### Your objective
Write out all the records exactly, and keep any images out.

### Supplied information
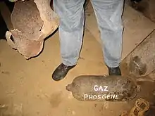 Фосге́н (дихлорангидрид угольной кислоты) — химическое вещество с формулой C(O)Cl2, при нормальных условиях — бесцветный чрезвычайно токсичный и удушливый газ с запахом прелого сена[3].
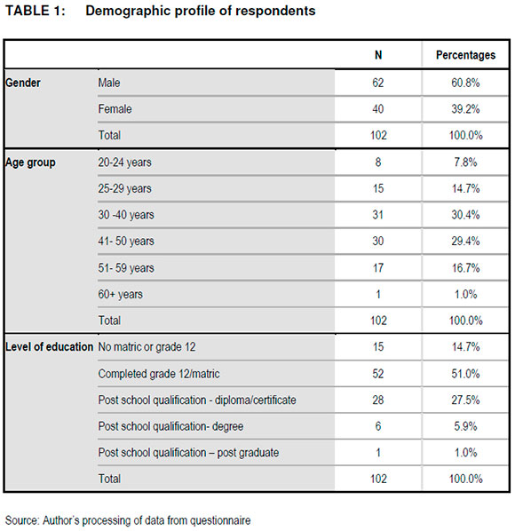 The majority of respondents (60.8%, n=62) were males, which shows that retailers are either owned or managed by males. Respondents over the age of 30 to 40 years (30.4%, n=31) were in the majority compared to the other age groups. Exactly 51 percent (n=52) of the respondents have either completed grade 12 or a have a certificate/diploma.
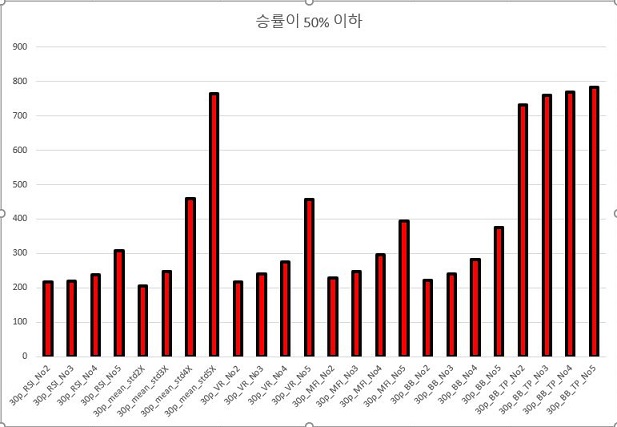 그리고 나서 승률 50% 이하인 종목이 얼마나 되는지를 보았는데, 문제는 Bollinger Band의 TP를 사용하는 경우에 있어서는 무언가 상황이 좋지 않은 것을 확인할 수 있었습니다.
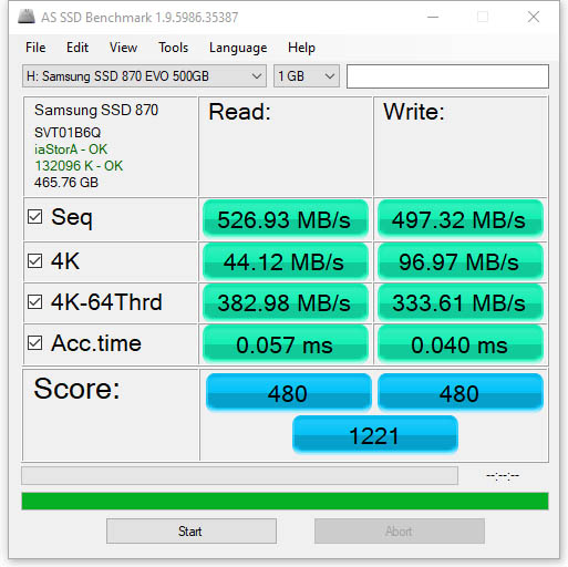 Тестирование скорости с помощью утилиты AS SSD Benchmark 1.9.5986.35387. Смотрим на версию драйвера: iaStorA - OK.
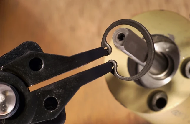 Eenvoudige maar zeer handige en ruimtebesparende tang voor het plaatsen en verwijderen van buiten- en binnen- borgveren of snapringen.
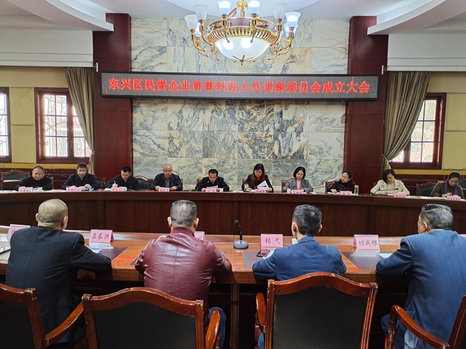 东兴区民营企业商事纠纷调解委员会是内江市首家挂牌成立的专业民营企业商事纠纷调解机构,首批调解员由东兴区工商联机关干部、工商联(商会)中具有法律、金融、税务等专业知识的会员、法律服务所专业工作者等组成。下一步,还将与区政府各职能部门、公检法等执法机构共同研究出台促进商事纠纷人民调解委员会工作健康有序开展的相关指导意见、具体措施,保障调委会工作得以顺畅运作。
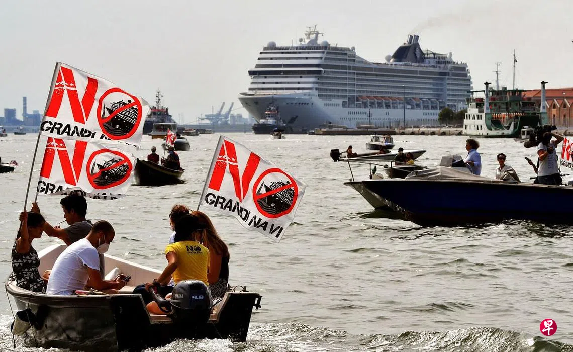 威尼斯部份居民多年来一直呼吁政府禁止大型游轮和船只穿越潟湖,停泊在知名景点圣马可广场附近。威尼斯海平面上升,建物水下结构备受侵蚀,居民担忧大船经过会加剧污染和侵蚀。
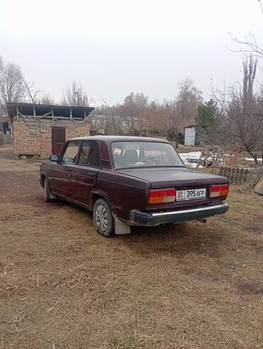ВАЗ 2107, седан, цвет бордовый. Классическая компоновка: задний привод, механическая коробка передач. Салон тканевый, передние сиденья с накидками, торпедо стандартное «семёрки», трёхспицевый руль, аналоговая приборная панель. Электростеклоподъёмников нет, ручные. Печка, вентиляция, прикуриватель/розетка. Полностью остекление, все двери на месте, штатные бамперы спереди и сзади, наружные зеркала классические.
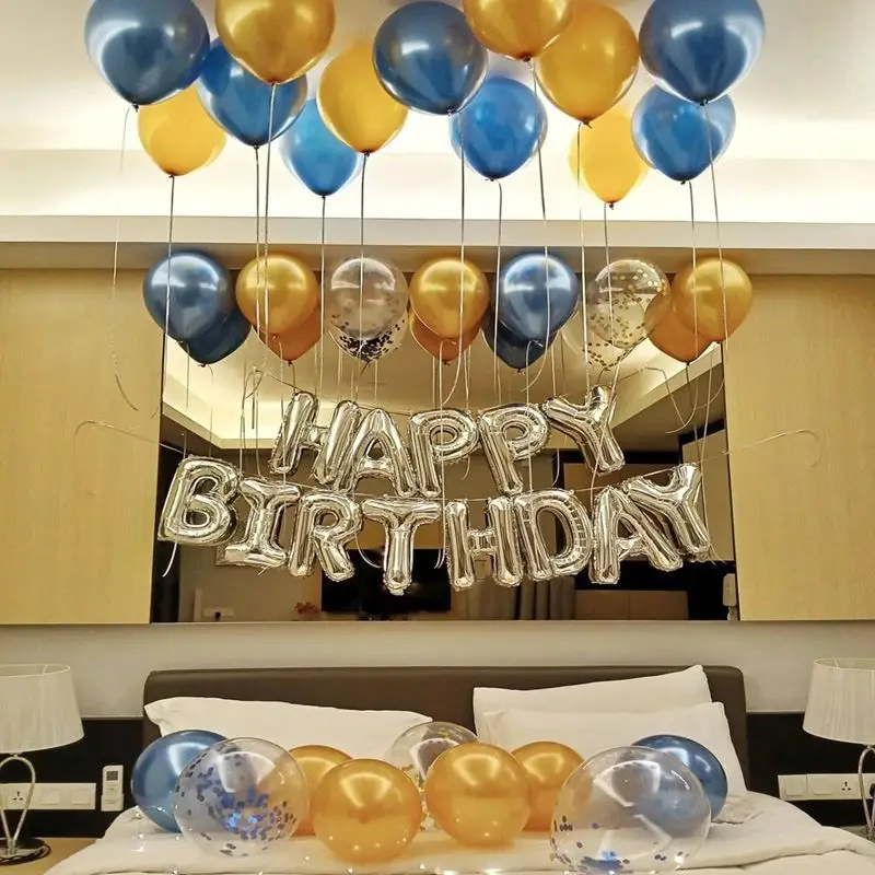 Celebrate a birthday in style with this luxurious golden and blue theme using floating helium balloons and reflective silver foil letters. Perfect for hotel rooms, bedrooms, or private indoor spaces, this design gives a classy touch to intimate birthday surprises.
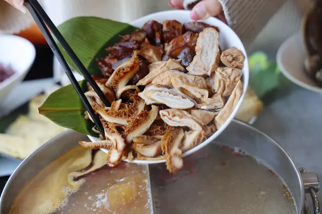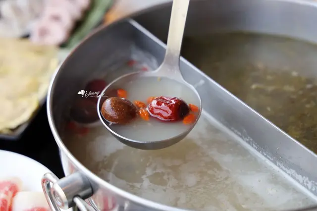 養生百味鍋呈現的是濃郁的湯頭,有著香醇中藥清香,滑順不膩口,涮肉或海鮮都很適合。
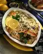 Season to taste with salt and pepper. Wash fish steaks and pat dry. Season with salt and pepper. Fry in the remaining hot fat for 2-3 minutes on each side. Turn lemon slices 1 time in the frying fat. Serve the salmon steaks, vegetables and lemon slices garnished with rosemary brush as desired

### Expected output
 Фосге́н (дихлорангидрид угольной кислоты) — химическое вещество с формулой C(O)Cl2, при нормальных условиях — бесцветный чрезвычайно токсичный и удушливый газ с запахом прелого сена[3].
 The majority of respondents (60.8%, n=62) were males, which shows that retailers are either owned or managed by males. Respondents over the age of 30 to 40 years (30.4%, n=31) were in the majority compared to the other age groups. Exactly 51 percent (n=52) of the respondents have either completed grade 12 or a have a certificate/diploma.
 그리고 나서 승률 50% 이하인 종목이 얼마나 되는지를 보았는데, 문제는 Bollinger Band의 TP를 사용하는 경우에 있어서는 무언가 상황이 좋지 않은 것을 확인할 수 있었습니다.
 Тестирование скорости с помощью утилиты AS SSD Benchmark 1.9.5986.35387. Смотрим на версию драйвера: iaStorA - OK.
 Eenvoudige maar zeer handige en ruimtebesparende tang voor het plaatsen en verwijderen van buiten- en binnen- borgveren of snapringen.
 东兴区民营企业商事纠纷调解委员会是内江市首家挂牌成立的专业民营企业商事纠纷调解机构,首批调解员由东兴区工商联机关干部、工商联(商会)中具有法律、金融、税务等专业知识的会员、法律服务所专业工作者等组成。下一步,还将与区政府各职能部门、公检法等执法机构共同研究出台促进商事纠纷人民调解委员会工作健康有序开展的相关指导意见、具体措施,保障调委会工作得以顺畅运作。
 威尼斯部份居民多年来一直呼吁政府禁止大型游轮和船只穿越潟湖,停泊在知名景点圣马可广场附近。威尼斯海平面上升,建物水下结构备受侵蚀,居民担忧大船经过会加剧污染和侵蚀。
ВАЗ 2107, седан, цвет бордовый. Классическая компоновка: задний привод, механическая коробка передач. Салон тканевый, передние сиденья с накидками, торпедо стандартное «семёрки», трёхспицевый руль, аналоговая приборная панель. Электростеклоподъёмников нет, ручные. Печка, вентиляция, прикуриватель/розетка. Полностью остекление, все двери на месте, штатные бамперы спереди и сзади, наружные зеркала классические.
 Celebrate a birthday in style with this luxurious golden and blue theme using floating helium balloons and reflective silver foil letters. Perfect for hotel rooms, bedrooms, or private indoor spaces, this design gives a classy touch to intimate birthday surprises.
 養生百味鍋呈現的是濃郁的湯頭,有著香醇中藥清香,滑順不膩口,涮肉或海鮮都很適合。
 Season to taste with salt and pepper. Wash fish steaks and pat dry. Season with salt and pepper. Fry in the remaining hot fat for 2-3 minutes on each side. Turn lemon slices 1 time in the frying fat. Serve the salmon steaks, vegetables and lemon slices garnished with rosemary brush as desired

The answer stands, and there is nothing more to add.